O BC divulga o IBC-BR, que é uma "proxi" do PIB, na próxima semana. A reação do governo ao resultado, se ele for de fato ruim, deverá ser importante para moldar os rumos da política monetaria. Depois de um vaivém de expectativas sobre o corte dos juros na próxima reunião do Copom, dia 19, no momento as apostas do mercado se concentram mais em redução de 0,5 ponto percentual. Já foi de 1 ponto. Ontem, o presidente do BC, Alexandre Tombini, reiterou que os juros passarão por um processo de "ajustes moderados". Em solenidade no BC, disse: "Olhando para frente, nas atuais condições, ajustes moderados na taxa de juros são convergentes com o IPCA no centro da meta no final de 2012".

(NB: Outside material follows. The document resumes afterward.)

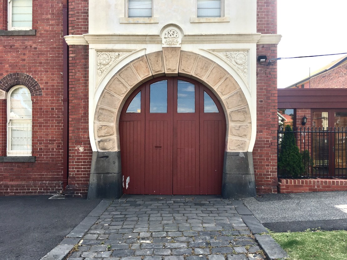 The #FlemingtonFireStation, built 1896, across the road from the 1891 #FlemingtonCourtHouse, almost but not really a civic precinct. Love the #horseshoearch (note it’s not a #keyholearch, slightly different), no architect listed, but this arch pretty much the same as the #ElsternwickFireStation, same date, so prob same architect, #JTKelleher. It stopped being a fire station in 1961. B&W photo, State Library Victoria, 1962. Update : I’m told it was definitely Kelleher. Also, the windows above the arch had been turned into a rectangular one some time ago, recently restored, not quite as good as original.

Banco Central reitera moderação na queda dos juros

Passados nove meses do governo Dilma Rousseff, os juros internos aumentaram, começaram a cair, cresceu o risco de recessão nos EUA e Europa, a China desaquece, a economia mundial está sob ameaça de uma hecatombe e a brasileira dá sinais de enfraquecimento. As expectativas de inflação no país, porém, só pioraram.

Quando Dilma assumiu, as expectativas de inflação eram de 5,34% para 2011 e de 4,5% para 2012. A pesquisa Focus de janeiro indicava para este ano taxa Selic de 12,25%, expansão de 5,03% da indústria e crescimento do PIB de 4,5%. Hoje, a inflação esperada aumentou. É de 6,52% para 2011 e de 5,53% para 2012. A última pesquisa Focus, do BC, revela taxa Selic menor, de 11%, o crescimento da indústria murchou para 2,45% e o do PIB caiu para 3,51%.

As expectativas de inflação, no entanto, continuam desancoradas, distantes do centro da meta de 4,5%. E isso não começou agora. O descolamento entre a meta e as projeções colhidas no mercado vem de abril do ano passado e, de lá para cá, com interrupções aqui ou ali, só foram se distanciando.

O regime de metas para a inflação é fundamentado na coordenação das expectativas dos agentes econômicos. Para que o BC consiga exercer bem essa função, o que facilitaria sua missão de levar a inflação para o centro da meta, duas premissas são cruciais: credibilidade e transparência.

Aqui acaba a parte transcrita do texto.